The cytotoxicity of adenoviruses was determined by MTT (Sigma, St. Louis, MO, USA) assay which measures the conversion of the tetrazolium salt MTT (3-(4,5-dimethylthiazolyl-2)-2,5-diphenyltetrazolium bromide) to formazan. YCC-2 cells were seeded at 5 × 10⁴ cells per well on 24-well plates. After 24 hours of plating, the cells were infected with a range of titers (1 MOI to 40 MOI, in triplicate) of Ad-ΔE1B19/55-TK or Ad-ΔE1A-TK for 24 to 72 hours. At the indicated times postinfection, 200 µL of MTT in PBS (1 mg/mL) was added to each well and incubated for 4 hours at 37℃. Then, the supernatant was discarded, and the precipitate was dissolved in 200 µL of dimethyl sulfoxide (DMSO) to dissolve MTT formazan crystals. Finally, plates were read on a microplate reader at 540 nm.

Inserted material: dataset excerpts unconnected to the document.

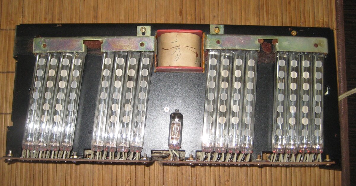 Чего только не сдают люди в чермет . Вот и на этот раз мне попалось несколько интересных устройств. К сожалению я даже не знаю что это такое. Обычно приемщики ставят условие: Без деревянных или пластиковых корпусов. И ещё несколько условий которые превращают вещь в безликую массу. В очередной раз вытряхнув из нескольких мешков на пол радиохлам, обнаружил любопытные приборы. Вот один из них: На первый взгляд полная комплектность, ни где ничего не нарушено и не сломано. Но при более детальном рассмотрении обнаружил , что всё таки чего-то на хватает. На обратной стороне торчат несколько оторванных контактов: Трансформатор целый, жгут проводов тоже цел, значит сняли не вандалы. Нашёл даже табличку с фамилией сборщика: Микросхемы датируются 1987-88 годами. Обозначений нет вообще. С таким аппаратом раньше я не сталкивался. Вот и возник у меня вопрос: Что это за прибор? Чего не хватает? Почему лампы на лицевой панели стоят не вертикально, а под углом в 5-7 градусов? Первый раз увидел
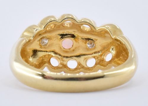 A yellow metal ring set with a scrolled head set with a round opal cabochon flanked by two round cut diamonds. Marked 925 and 18ct. Weight 5.0g. Size P.
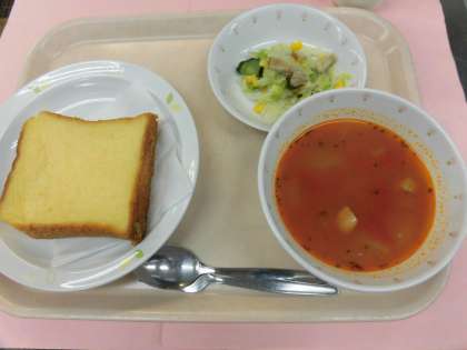 今日の献立 フレンチトースト 牛乳 ミネストローネ ベーコンサラダ
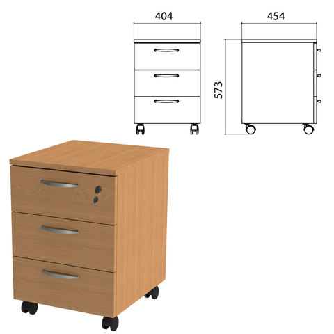 Тумба подкатная "Этюд", 404х454х573 мм, 3 ящика, замок, бук бавария
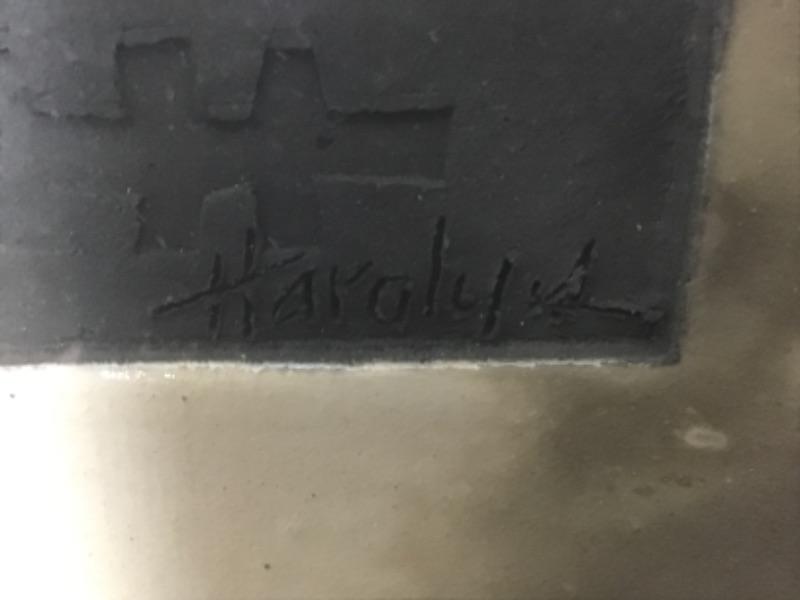 S - 1181 Signed Raku Relief Tile with Zinc by Harolyn  Long
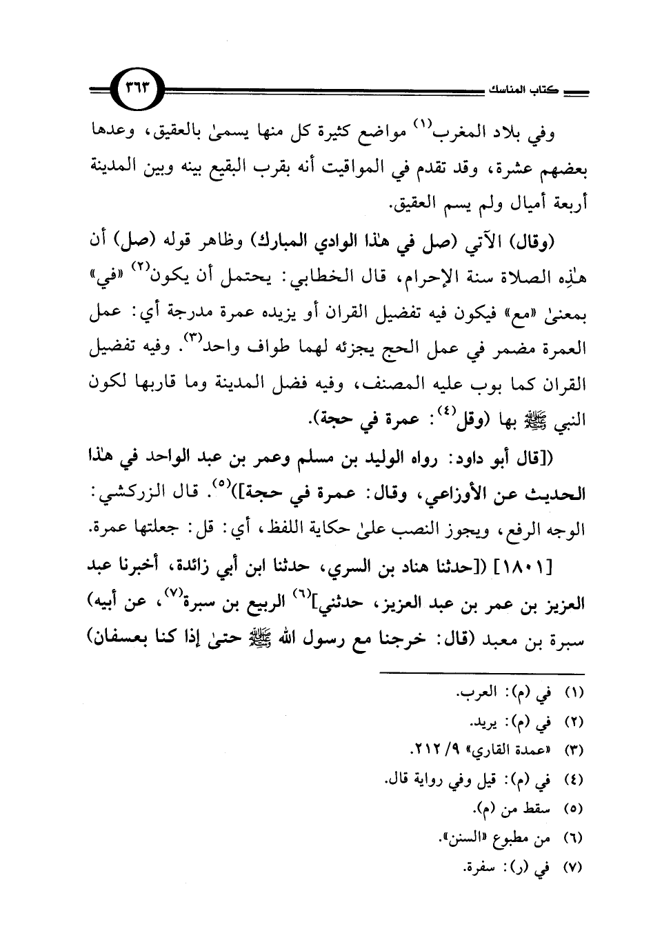[1801] ([حدثنا هناد بن السري، حدثنا ابن أبي زائدة، أخبرنا عبد العزيز بن عمر بن عبد العزيز، حدثني] (¬6) الربيع بن سبرة (¬7)، عن أبيه) سبرة بن معبد (قال: خرجنا مع رسول الله - صلى الله عليه وسلم - حتى إذا كنا بعسفان)
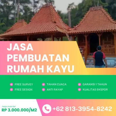 Pembangunan rumah kayu adalah langkah besar yang membutuhkan perencanaan yang baik dan pemilihan jasa pembuatan yang sesuai.Dengan memilih penyedia jasa yang berpengalaman, Anda dapat memastikan bahwa rumah kayu Anda tidak hanya indah dan unik, tetapi juga tahan lama dan berfungsi sebagai investasi yang berharga.Rumah kayu memberikan keindahan dan kehangatan alami yang unik, menjadikannya tempat tinggal ideal untuk mereka yang menginginkan hunian ramah lingkungan dan berkarakter.
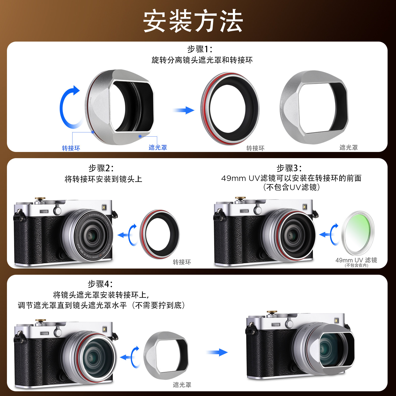 XE5新款 号歌39mm用于富士XF23mm F2.8 WR镜头复古配件带盖 f2.8镜头方形金属遮光罩XE5套机镜头XF27mm
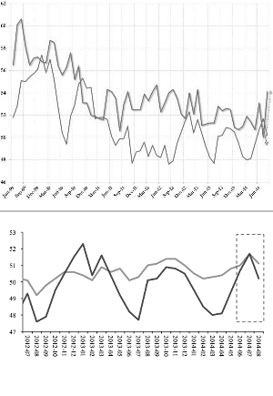 一方面,两大指标中就业指数均不佳。国家统计局数据中8月从业人员指数49.6%,比上月上升0.3个百分点;而汇丰服务业PMI就业人口虽较此前有所扩张,但增速较前两个月放慢。此外,稍早公布的制造业PMI中就业指数也继续维持在荣枯线下方。对此,招商证券在其研究报告中就指出,“近期汇丰PMI以及中采PMI就业指数的下滑反映经济合理区间下限再次遭遇挑战,未来或再次触发稳增长政策。”
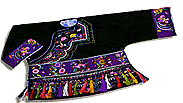 苗族服装大多遍施图案,刺绣、挑花、蜡染、编织、镶衬等多种方式并用,做工十分考究,令人眼花缭乱。尤其从刺绣图案中往往可以寻出苗族的历史和象征意蕴,可谓是“有意味的形式”。例如,文山“花苗”,在其黑色圆领斜襟窄袖衣的领边、袖肘绣有红、黄、蓝、白等花纹,纹路多呈花状、江水状,据说这些花纹象征着苗族祖先所居之地:红、绿波浪花纹代表江河,大花代表京城,交错纹代表田埂,花点代表谷穗。禄劝、武定、安宁一带的大花苗爱披加花披肩,上绣三道方形图案,与苗族古歌上“格蚩尤老练兵场广花三道”的说法正相符,所以,传说它象征古代的练兵场和令旗,披肩两头的花纹代表过去京城的城市和街道……这些服饰的来由,大多与上古九黎三苗与黄帝逐鹿中原,战败后从黄河流域退到长江,又退到云贵高原的历史有关。因而,苗族的衣装图案并非每个能织会绣的男女都可以随心所欲地织绣,什么地方饰什么图案,什么图案表示什么,什么身份年龄的人该饰什么图案,都有严格的规定。
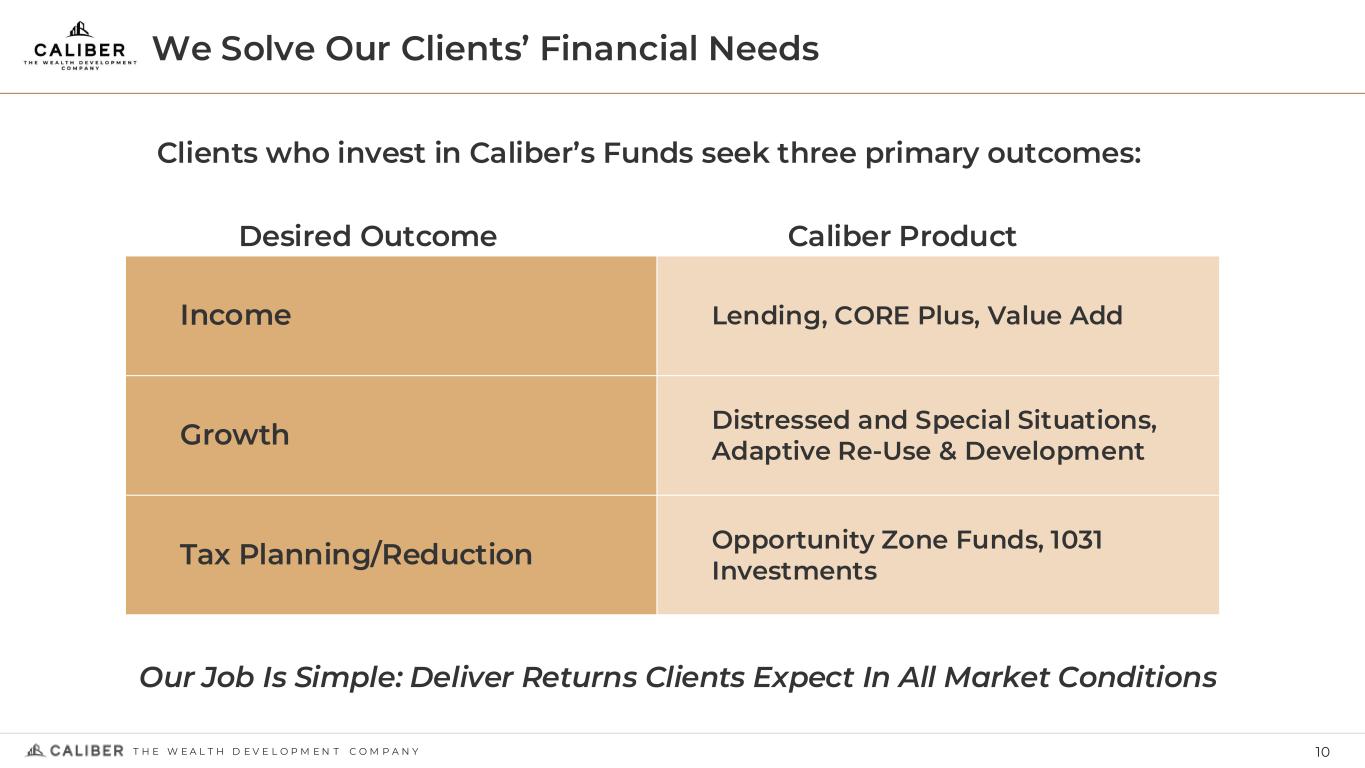 9T H E W E A L T H D E V E L O P M E N T C O M P A N Y The Best Opportunities are in the Middle-Market Middle-Market Assets • $5 to $50 million per project • Large opportunity set • Highly-fragmented market • Less competition • Caliber’s in-house services model enables access Middle Market Geographies • Demonstrated Population & Job Growth • Underserved in terms of financing options • Opportunity Zone tax incentives • Local tax incentives • Trends post-pandemic
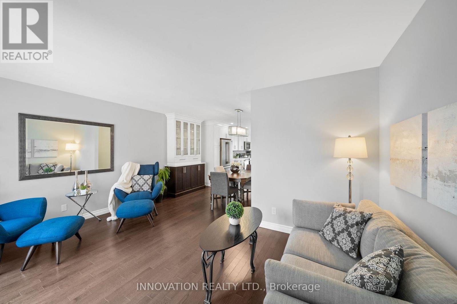 This beautiful and inviting home offers an exceptional blend of comfort, functionality, and charm in a prime location-just steps to shopping, parks, schools, trails, and everyday amenities. Bright and spacious with an excellent open-concept layout, it features a wonderful flow between the living room, dining room, and kitchen-perfect for both everyday living and effortless entertaining. The adjacent family room adds warmth and style with a beautiful fireplace feature wall, creating the perfect space to relax or gather. The stunning renovated kitchen is the heart of the home, showcasing elegant white cabinetry, quartz countertops, a stylish backsplash, and a functional island with seating for four. Enjoy ample storage, generous counter space, and convenient access to the backyard-ideal for seamless indoor-outdoor living.The home offers well-sized bedrooms, including a primary retreat complete with a walk-in closet and a private 3-piece ensuite. The finished lower level provides excellent additional living space with a large den, cork flooring, and plenty of storage-perfect for a home office, recreation area, or guest space. Mature trees beautifully frame the property, leading to a double car garage and interlock walkway. A durable steel roof adds long-term value and peace of mind with its exceptional longevity. You'll love everything this home has to offer.
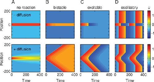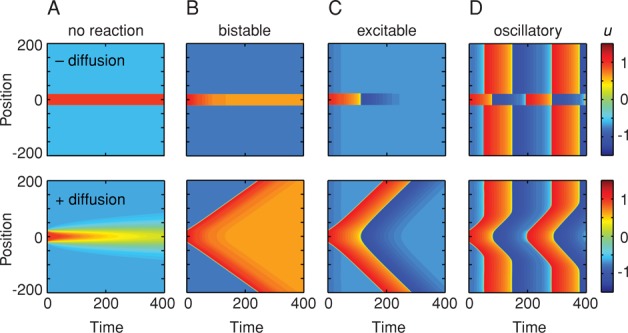 FIGURE 3:. Three types of trigger waves from coupling the FHN reactions to diffusion. The system is assumed to have one spatial dimension (represented on the y-axis); it is essentially a long, thin tube. The values of u as a function of time and position are represented by a heat map color scale. In all cases we assumed that the system has a high initial value of u in the middle of the tube over a width of 40 units (u(t = 0) = 1) and a low initial value of u elsewhere (u(t = 0) = –0.6). The initial value for v is the same everywhere (v(t = 0) = –0.3). For the oscillatory case, we also assumed that the frequency of the oscillations is higher in the middle of the tube (b = 0.5) than in the rest of the tube (b = 1), acting as a pacemaker for the whole system. In the top panels there is no diffusive coupling (D = 0), while in the bottom panels diffusion is included (D = 1). The FHN parameters are the same as those shown in Figure 2. |

Gamma ray imaging using I-131 FIAU after Ad-ΔE1B19 / 55-TK or Ad-ΔE1A-TK infection

For gamma ray imaging of HSVtk gene expression, YCC-2 cells were seeded on 24-well plates (1 × 10⁵ cells/well) and cultured overnight. Then, the cells were infected with Ad-ΔE1B19/55-TK or Ad-ΔE1A-TK at MOIs of 1, 10, and 40 for 48 hours. After washing with PBS, the cells were then incubated with I-131 FIAU (4 µCi/well) for 4 hours. In additional triplicate wells, I-131 FIAU was added without infection of virus. Following incubation, the plates were washed 3 times with PBS and imaged with gamma camera equipped with a high-energy, parallel-hole collimator using a 512 × 512 matrix size for 30 minutes. After imaging, the cells were lysed and harvested to measure the amount of radioactivity by gamma counter. The counts in each well were normalized to protein content in the well.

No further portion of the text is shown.